## Work task
Pictures stay out of the output. Return exactly the lines below from the one with "В часовне в" down to the one with "два детских сада", both included, and nothing more.
====== Entries shown
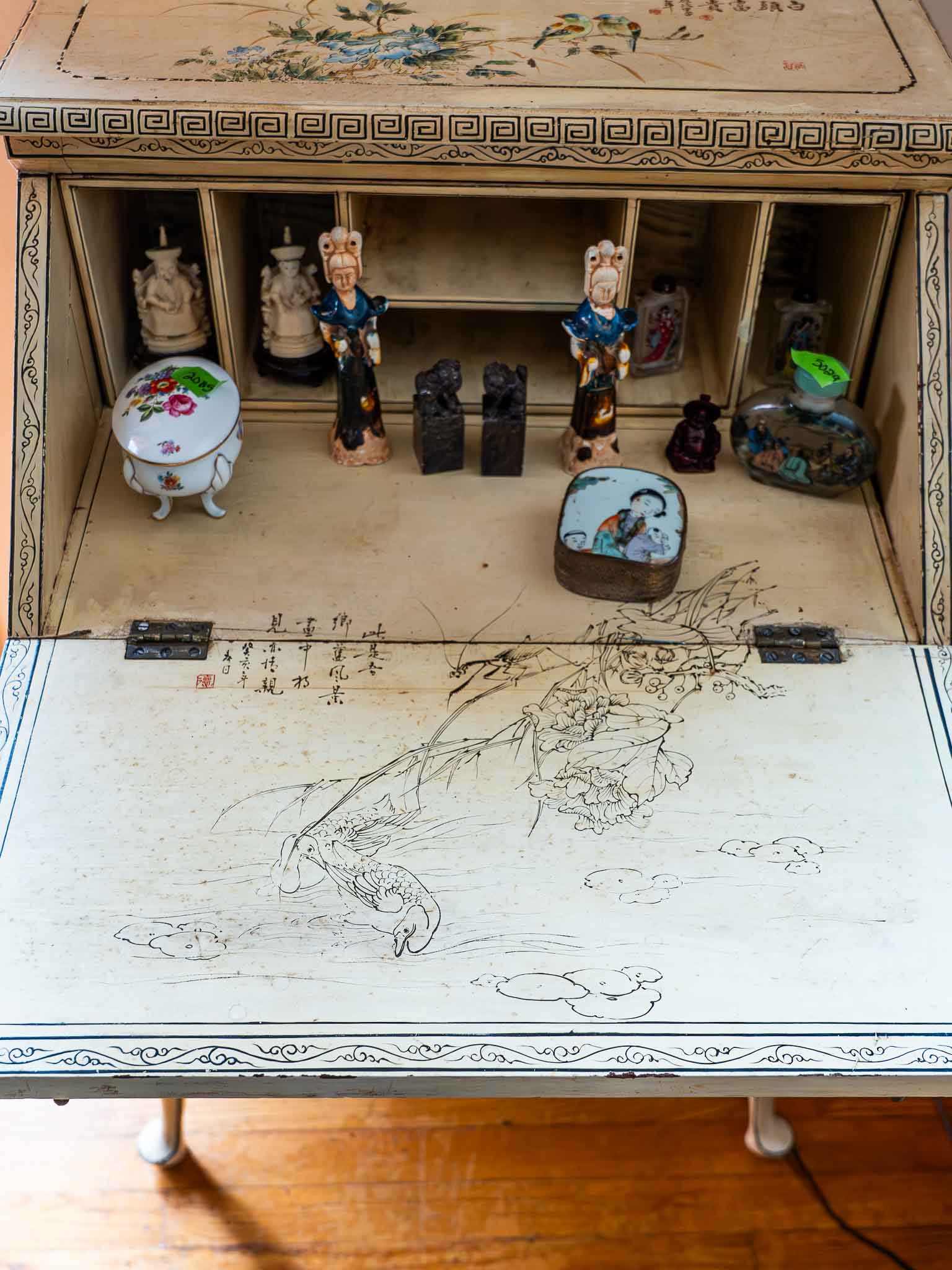 Beautiful Oriental-style secretary desk featuring hand-painted scenes and intricate decorative detailing throughout. The fold-down front reveals a functional writing surface along with interior cubbies for storage, making it both decorative and practical.
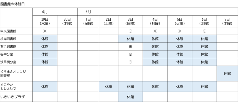 石浜図書館 4/20~4/23 4/26~4/30 5/8
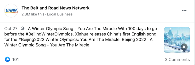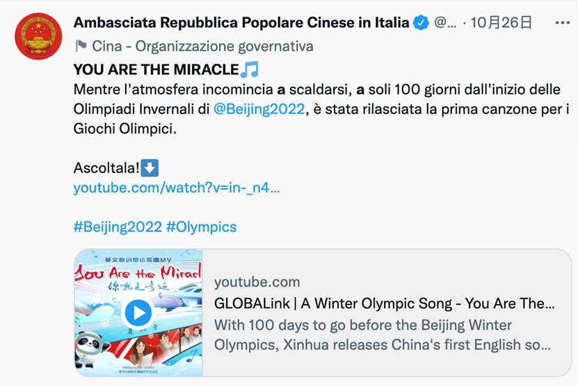 举世瞩目的2022年北京冬奥会还有两个多月就开幕了。一首由国社原创,奥运冠军杨扬、丁宁、林跃领衔演唱的迎冬奥英文MV《你就是奇迹(You Are the Miracle)》在海内外网络迅速走红,发布一个月以来,在各社交媒体平台热度颇高,受到大量海外网友的喜爱,在优兔、脸谱、推特等海外社交平台获得广泛关注,浏览量超千万次。北京冬奥组委第一时间在海外官方账号转发,海外网友留言表示“终于等到了!”
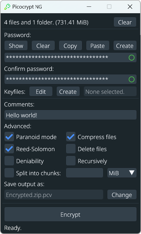Picocrypt NG is a very simple tool and most users will intuitively understand how to use it in a few seconds. On a basic level, simply dropping your files, entering a password, and hitting Encrypt is all that's needed to encrypt your files. Dropping the output back into Picocrypt NG, entering the password, and hitting Decrypt is all that's needed to decrypt those files. Pretty simple, right?
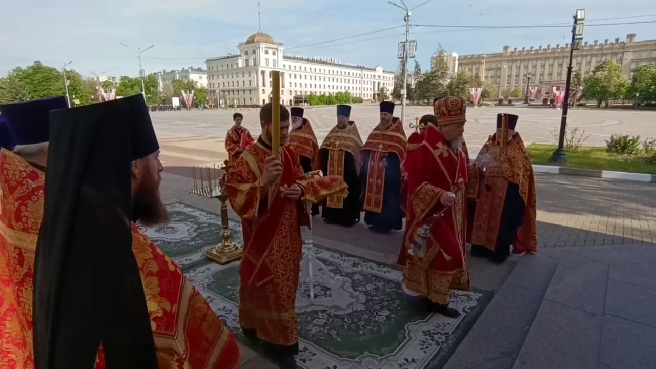 В часовне в честь святого князя Владимира на Соборной площади митрополит Иоанн совершил литию по павшим воинам и невинным жертвам Великой Отечественной войны.
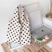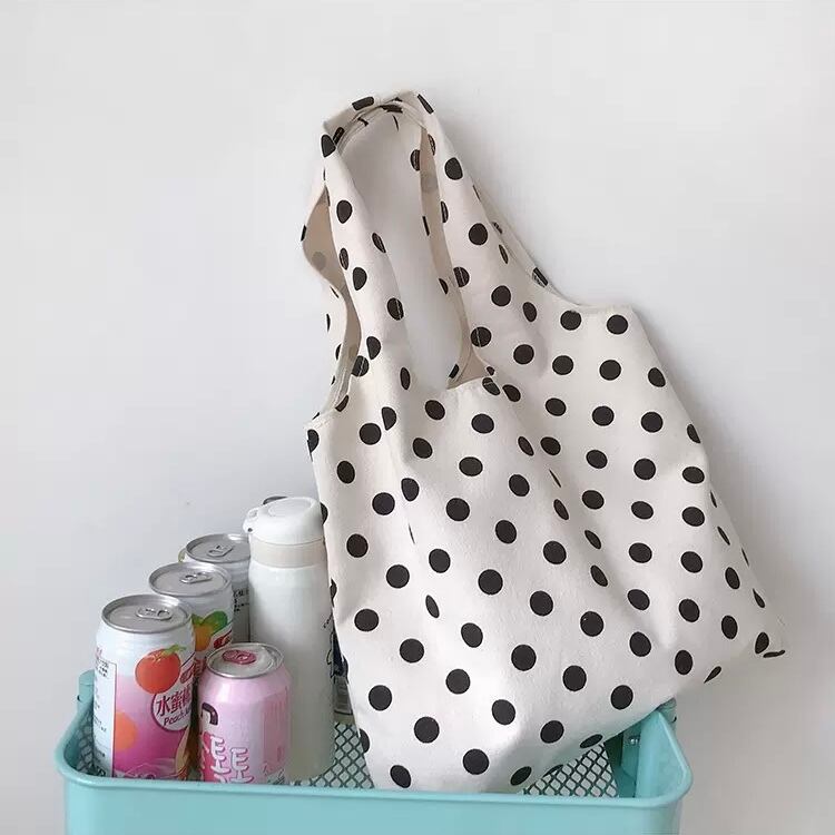 レディース バッグ レディースバッグ トートバッグ エコバッグ 大容量 便利 a4 肩がけ コンパクト 軽量 軽い 使いやすい 柔らかい スクエア型 ポリエステル キャンバス 大人可愛い シンプル レトロ 大人女子 大きめ 大きい a4 A4 白 ホワイト 柄 ドット柄 水玉 オールシーズン シーズンレス 10代 20代 30代 レディース 女性用 ママ マザー 学生 通学 お出かけ 休日 お買い物 レジ スーパー デイリー 普段使い 送料無料 | Rena 韓国ファッション レディースアパレル
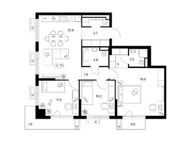 два детских сада и подземный паркинг - это были основные моменты в пользу этого проекта, поэтому взяли трешку, думаю, что не прогадали
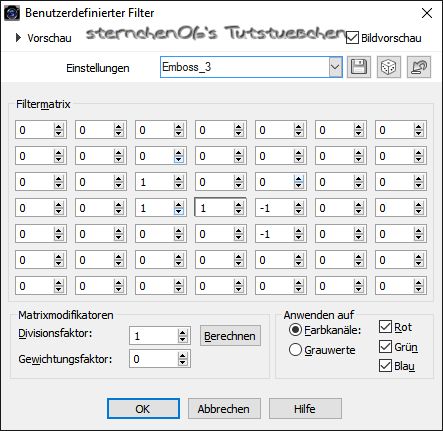 Effekte - Benutzerdefinierte Effekte - Emboss 3 Wenn du ihn noch nicht gespeichert hast übernehme die Werte vom Screen und klicke dann auf das Speichersymbol (Diskette) und speichere als Emboss3 ab, so kannst du es immer wieder nutzen
============
## Output for this task
 В часовне в честь святого князя Владимира на Соборной площади митрополит Иоанн совершил литию по павшим воинам и невинным жертвам Великой Отечественной войны.
 レディース バッグ レディースバッグ トートバッグ エコバッグ 大容量 便利 a4 肩がけ コンパクト 軽量 軽い 使いやすい 柔らかい スクエア型 ポリエステル キャンバス 大人可愛い シンプル レトロ 大人女子 大きめ 大きい a4 A4 白 ホワイト 柄 ドット柄 水玉 オールシーズン シーズンレス 10代 20代 30代 レディース 女性用 ママ マザー 学生 通学 お出かけ 休日 お買い物 レジ スーパー デイリー 普段使い 送料無料 | Rena 韓国ファッション レディースアパレル
 два детских сада и подземный паркинг - это были основные моменты в пользу этого проекта, поэтому взяли трешку, думаю, что не прогадали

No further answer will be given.